*** MATERIAL FOR THE TASK ***

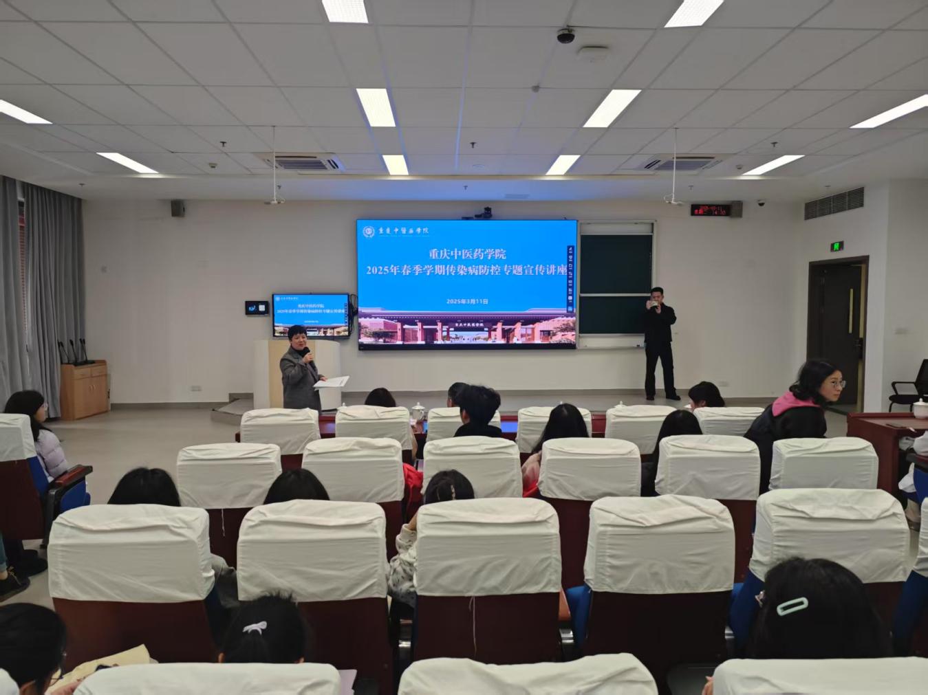 为进一步加强校园传染病防控工作,提升师生健康防护意识,3月11日,米兰官网后勤保卫处联合学生社团中医药健康管理社共同举办了学院2025年春季学期传染病防控专题讲座,讲座内容丰富,吸引了150余名教师和学生现场听讲。
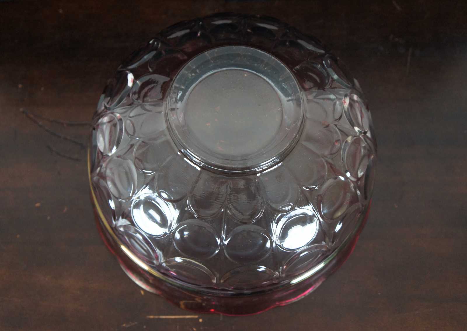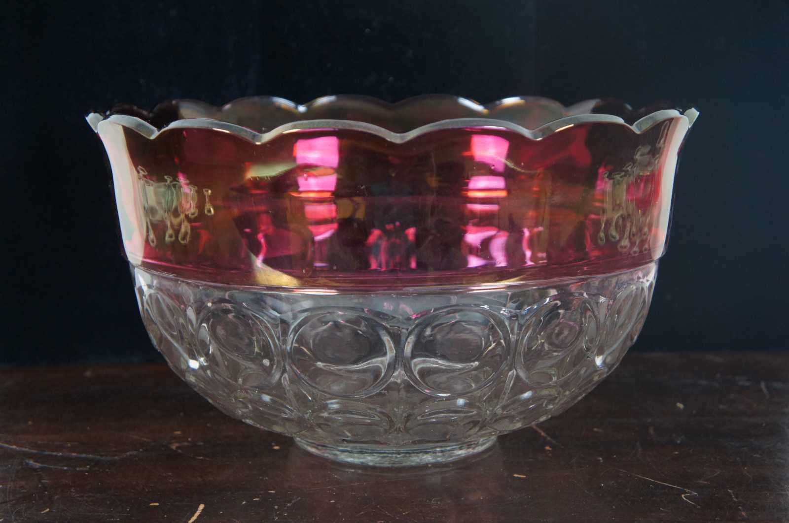 The Lexington 14 piece punch bowl, cups and ladle set by Indiana Glass in Ruby Banded thumbprint cranberry glass. Includes original box.
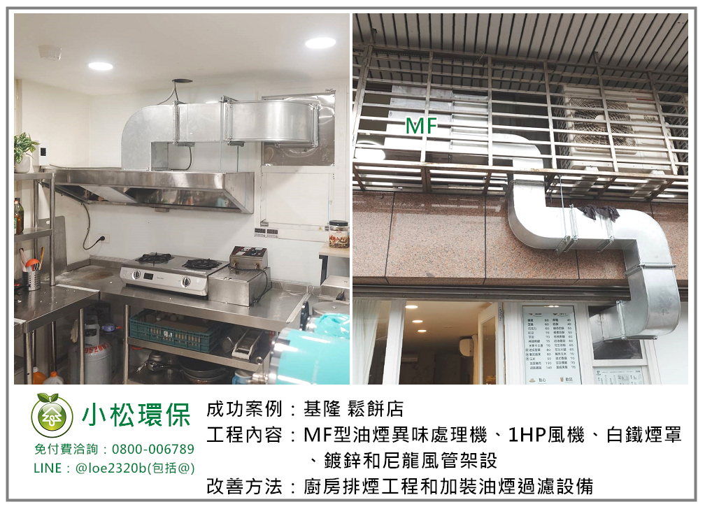 小松環保於 基隆 鬆餅店 安裝一套餐飲業油煙/異味處理設備,包括 MF型油煙異味處理機、1HP風機、白鐵煙罩、鍍鋅和尼龍風管架設。
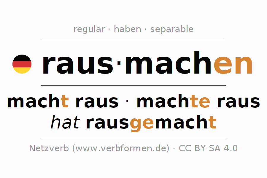 The verb rausmachen fully conjugated in all persons and numbers in the Present Indicative
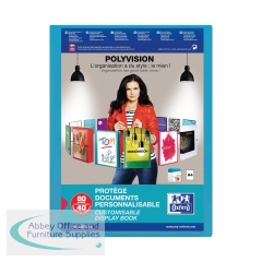Oxford Display Book 40 Part PP A4 Blue 100206231. Display book made from polypropylene. Home and office organisation. Glass clear pockets. 40 pockets to store 80 sheets. Colour: Blue.
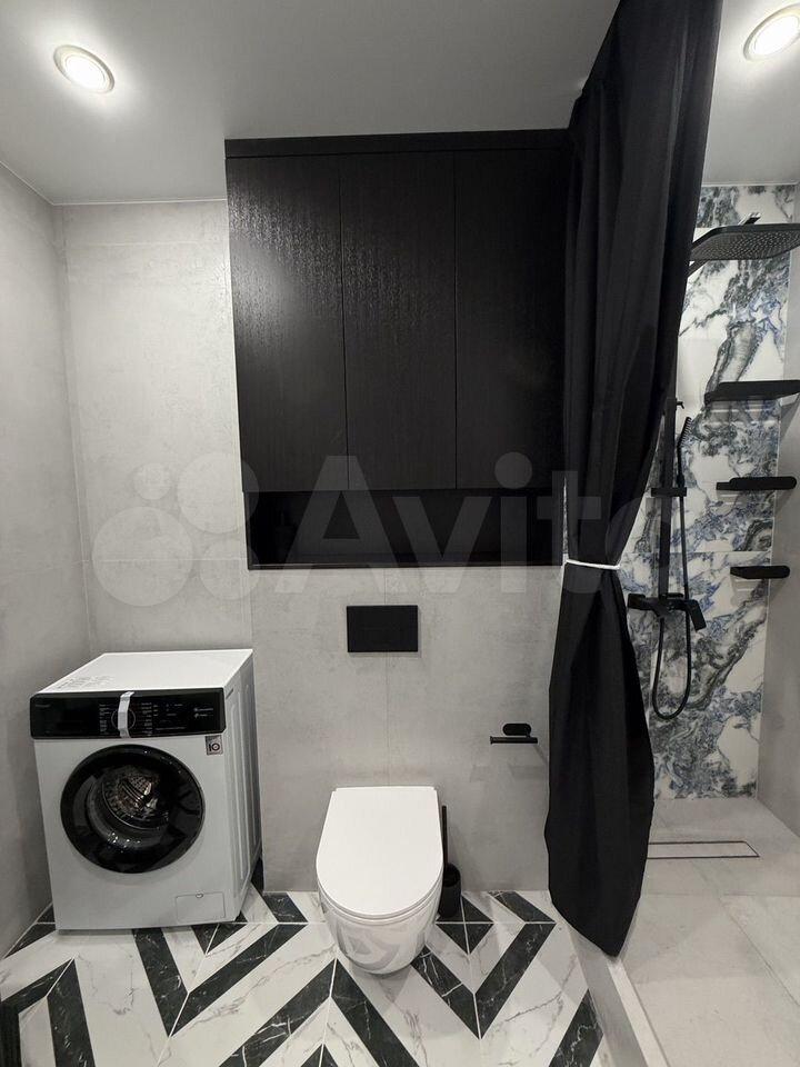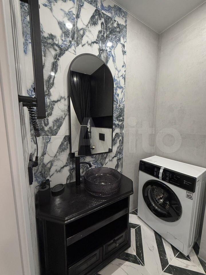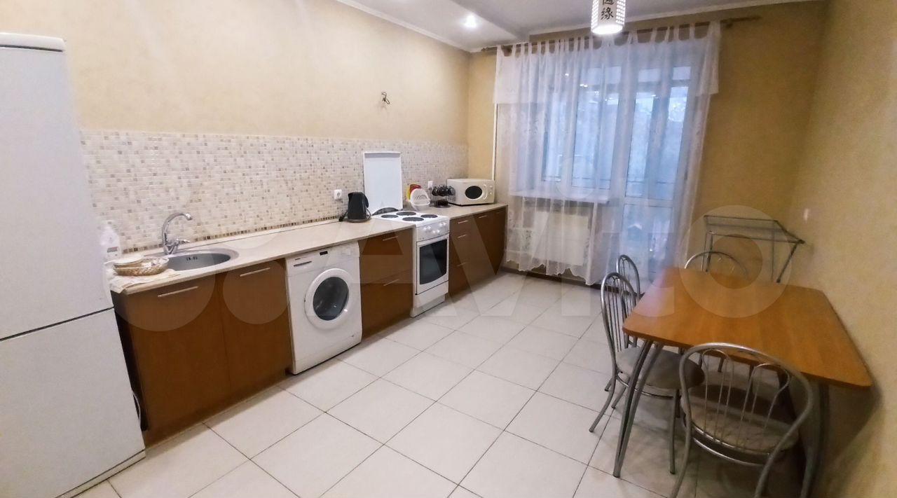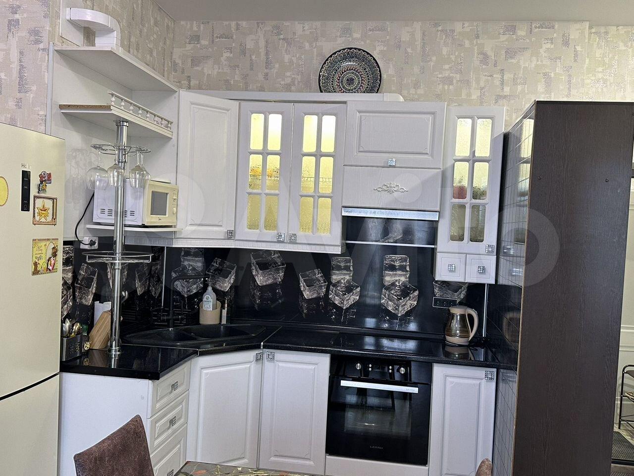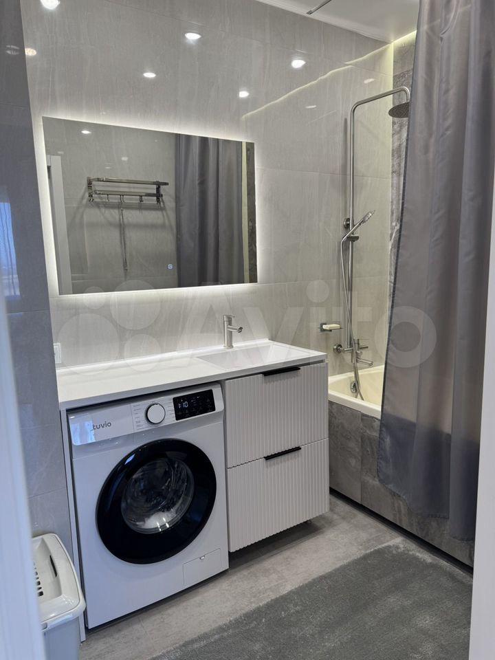 Кухня оснащена современной бытовой техникой, включая холодильник, микроволновую печь и электрическую плиту. В ванной комнате установлена стиральная машина и совмещенный санузел с качественной сантехникой.

*** End of MATERIAL FOR THE TASK ***

__WHAT YOU HAVE TO DO__:
Retyping should start at the first line of the data above and stop after the line with "The Lexington 14", and no picture should be included.

__ANSWER FOR THE TASK__:
 为进一步加强校园传染病防控工作,提升师生健康防护意识,3月11日,米兰官网后勤保卫处联合学生社团中医药健康管理社共同举办了学院2025年春季学期传染病防控专题讲座,讲座内容丰富,吸引了150余名教师和学生现场听讲。
 The Lexington 14 piece punch bowl, cups and ladle set by Indiana Glass in Ruby Banded thumbprint cranberry glass. Includes original box.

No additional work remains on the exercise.